The work mainly evolved between Sep. 2016 - Oct. 2017 at the Xi’an University of Technology, China and Oct. 2017 - Oct. 2019 at the Chair of Water Resources Management and Modeling of Hydrosystems, Institute of Civil Engineering, School VI Plannung Building Environment, Technische Universität Berlin.
Day of scientific discussion: December 22, 2019, Xi’an University of Technology, China
It is known that soil and water loss is serious in Loess Plateau, China. Soil erosion is a serious threat to the ecological environment and social productivity in watershed. The slope is considered as the main source of soil erosion. As the most basic unit of the watershed, slope is usually the beginning of the soil erosion research process. The sediment production mechanism of slope soil erosion and the quantitative study of sediment transport is a difficult and hot topic of international research. The thesis takes loess slope as the research object to develop the soil erosion numerical model. Firstly, the algorithm of hydrological-hydrodynamic numerical model is optimized. Secondly, the response of sediment yield to hydrodynamic parameters is analyzed through the indoor slope erosion experiment, and then the sediment transport capacity is established for loess slope. Finally, high-performance and robust numerical model is established for sediment transport processes simulation on loessal slope based on the optimized hydrological-hydrodynamic numerical model and established slope sediment transport capacity. The high-performance and robust numerical model is applied to simulate the rainfall erosion experiment for verification model. This research obtained the following main conclusions:
(1) A novel friction source term treatment method was developed for overland flow simulation using shallow water flow model, which improved the calculation efficiency of the hydrological-hydrodynamic numerical model and the accuracy of the surface runoff simulation. The mathematical method is applied to change the implicit solution into the explicit scheme for the friction source term in the shallow water equation by the quadratic equation, which improve calculation efficiency of the friction source term. Compared with the fully implicit algorithm, the proposed algorithm can save 45.16%-93.55% friction calculation time. The proposed algorithm function can be flexibly integrated into the shallow water equation.
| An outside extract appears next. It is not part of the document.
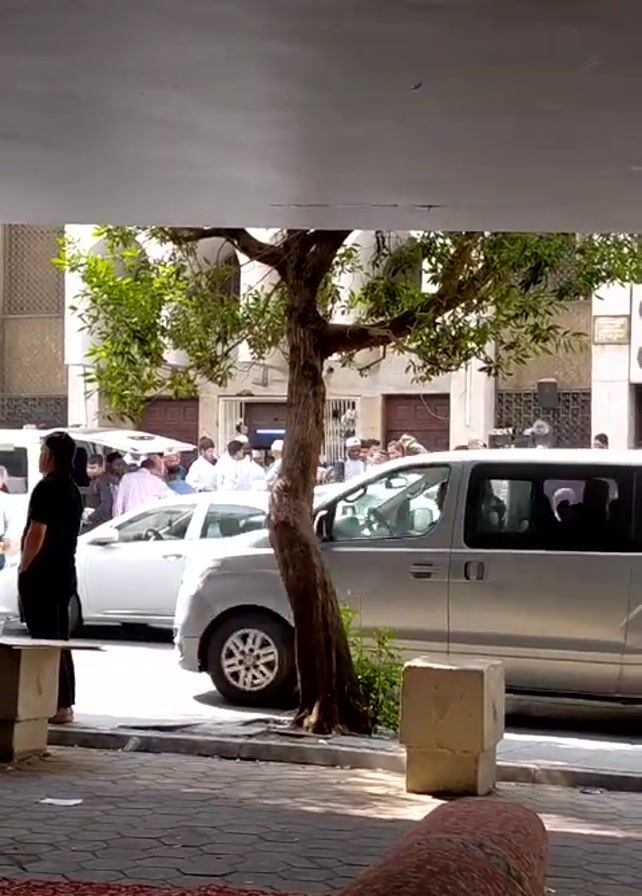 The video, taken from under the shelter of a building, reveals an outdoor urban scene featuring a small tree centered in the foreground, partially obscuring the view. Several cars are parked along the street, including a white sedan, a silver minivan, and a white van. A group of people congregates near a building across the street, some wearing traditional Islamic attire. Individuals in the crowd are seen walking and milling about. The environment appears to be a sunny day in a Middle Eastern city, with the building across the street exhibiting an architectural style typical of the region. A red carpet is visible in the foreground, suggesting the viewer is in an area intended for seating or relaxation.

(2) Clarified the response of surface runoff simulation accuracy to high-resolution DEM, high-resolution DEM can significantly improve the accuracy of simulation results. By simulating the rainfall-runoff process in the 2m and 5m resolution DEM in watershed, it is shown that the capture accuracy of the peak flow and time for the higher-resolution DEM is increased by 14.71% and 20%, respectively. For the simulation accuracy of the runoff process, NSE and R2 increased by 26.03% and 14.67% respectively; RMSE and RB decreased by 22.58% and 84.78%, respectively.
(3) Revealed the response of sediment transport on slope to hydrodynamic parameters under different slope and flow conditions, slope sediment transport capacity formula was established based on unit energy power. Compared to the relationship between runoff shear stress, unit stream power and runoff energy consumption theory and slope erosion, it is shown that the three theories have themselves advantages in slope erosion research. The parameters are easy to obtain for unit stream power calculation, and unit stream power theory is widely used to the erosion model based on physical processes. Based on the slope sediment transport capacity formula of Govers, slope sediment transport capacity was corrected by introducing the viscous sand starting flow rate calculation method, the parameters based on the particle size of the sediment particles were determined through regression analysis of the experimental data. A corrected slope sediment transport capacity formula of Govers was established, which is suitable for the loess slope. Compared to original Govers formula, the established slope sediment transport capacity formula can is better to predict the sediment transport capacity. Regarding the evaluation metrics, P.O.0.5-2.0 and R2 are increased by 28.94% and 5.38%, and RMSE is reduced by 80.00%.
(4) The high-performance and robust numerical model of two-dimensional water and sediment on the slope was developed. The temporal and spatial evolution of slope runoff and sediment was simulated, and the source and change of erosion was identified on the slope. The hydrological-hydrodynamic numerical model coupled the slope sediment transport module established by corrected Govers sediment transport capacity formula, which shaped a high-performance robust numerical model for the two-dimensional water and sediment for the loess slope. The model simulation was verified by simulating the rainfall erosion experiment for slope and slope-gully. Regarding the evaluation metrics for slope simulation accuracy: the NSE were 0.83 for runoff rate and 0.66 for sediment concentration, R2 were 0.89 for runoff rate and 0.73 for sediment concentration, respectively, and RB was -5.02% for runoff rate and -1.02% for sediment concentration. Regarding the evaluation metrics for slope-gully simulation accuracy: the NSE were 0.81 for runoff rate and 0.47 for sediment concentration, R2 were 0.74 for runoff rate and 0.57 for sediment concentration, respectively, and RB was -5.88% for runoff rate and -1.53% for sediment concentration. The analysis of the slope erosion source in spatial shown that the most severely eroded area is the middle and lower part of the slope, and the erosion contribution rate of the slope 1~4m is 69.59%. It is necessary to carry out some measures for controlling the soil erosion in main erosion source area.